== Directions for this task ==
Return each entry word for word. Leave the images out.

-*-

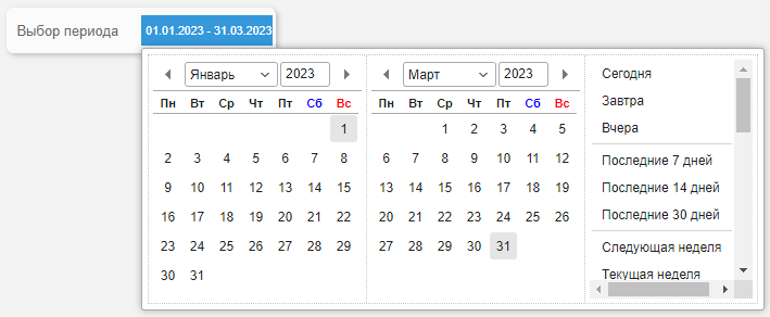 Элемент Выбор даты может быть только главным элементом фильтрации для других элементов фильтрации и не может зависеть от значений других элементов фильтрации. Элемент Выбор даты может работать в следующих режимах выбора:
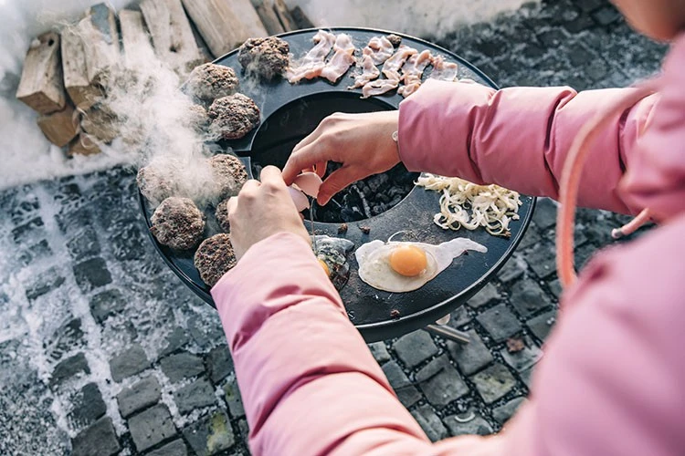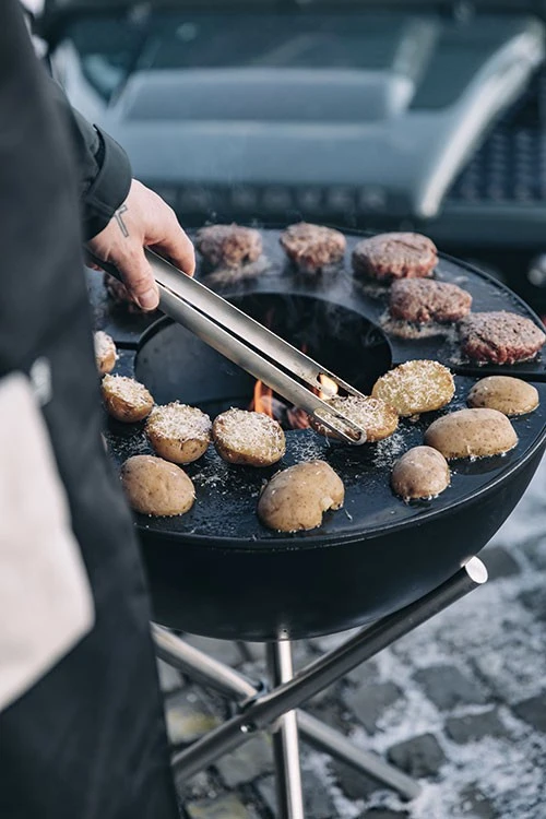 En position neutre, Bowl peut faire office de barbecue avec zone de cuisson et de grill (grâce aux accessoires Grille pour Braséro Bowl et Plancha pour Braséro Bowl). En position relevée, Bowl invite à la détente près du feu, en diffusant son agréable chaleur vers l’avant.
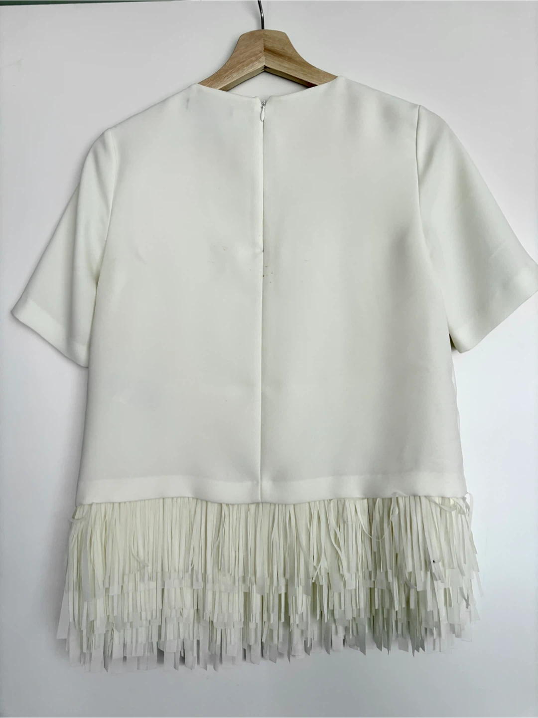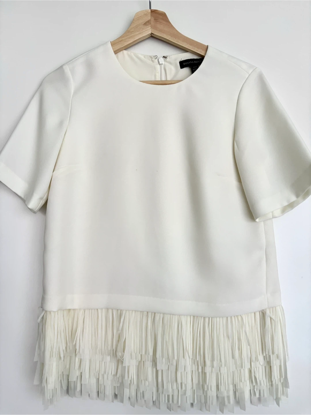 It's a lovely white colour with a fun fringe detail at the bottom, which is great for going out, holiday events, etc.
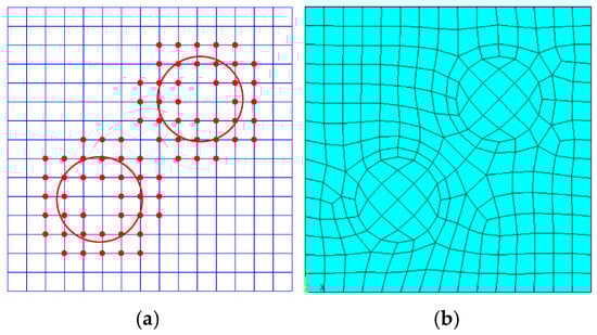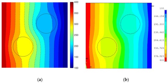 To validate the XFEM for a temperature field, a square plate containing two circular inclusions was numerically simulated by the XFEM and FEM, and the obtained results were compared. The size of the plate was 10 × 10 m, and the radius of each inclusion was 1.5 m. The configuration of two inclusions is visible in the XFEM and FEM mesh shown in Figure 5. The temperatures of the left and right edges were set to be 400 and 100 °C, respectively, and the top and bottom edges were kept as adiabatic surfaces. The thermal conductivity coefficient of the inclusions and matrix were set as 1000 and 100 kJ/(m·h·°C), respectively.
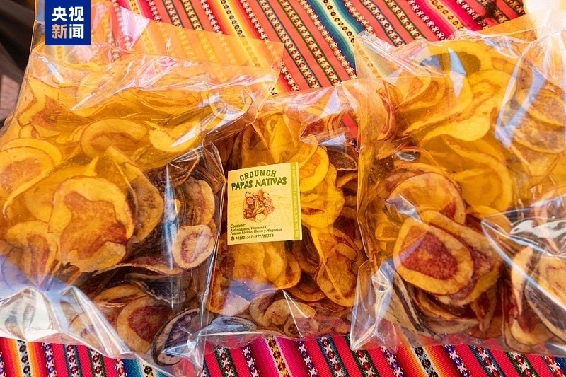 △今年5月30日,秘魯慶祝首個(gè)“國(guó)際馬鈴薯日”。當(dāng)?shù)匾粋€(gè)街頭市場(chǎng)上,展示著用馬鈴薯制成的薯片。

-*-

== Solved problem ==
 Элемент Выбор даты может быть только главным элементом фильтрации для других элементов фильтрации и не может зависеть от значений других элементов фильтрации. Элемент Выбор даты может работать в следующих режимах выбора:
 En position neutre, Bowl peut faire office de barbecue avec zone de cuisson et de grill (grâce aux accessoires Grille pour Braséro Bowl et Plancha pour Braséro Bowl). En position relevée, Bowl invite à la détente près du feu, en diffusant son agréable chaleur vers l’avant.
 It's a lovely white colour with a fun fringe detail at the bottom, which is great for going out, holiday events, etc.
 To validate the XFEM for a temperature field, a square plate containing two circular inclusions was numerically simulated by the XFEM and FEM, and the obtained results were compared. The size of the plate was 10 × 10 m, and the radius of each inclusion was 1.5 m. The configuration of two inclusions is visible in the XFEM and FEM mesh shown in Figure 5. The temperatures of the left and right edges were set to be 400 and 100 °C, respectively, and the top and bottom edges were kept as adiabatic surfaces. The thermal conductivity coefficient of the inclusions and matrix were set as 1000 and 100 kJ/(m·h·°C), respectively.
 △今年5月30日,秘魯慶祝首個(gè)“國(guó)際馬鈴薯日”。當(dāng)?shù)匾粋€(gè)街頭市場(chǎng)上,展示著用馬鈴薯制成的薯片。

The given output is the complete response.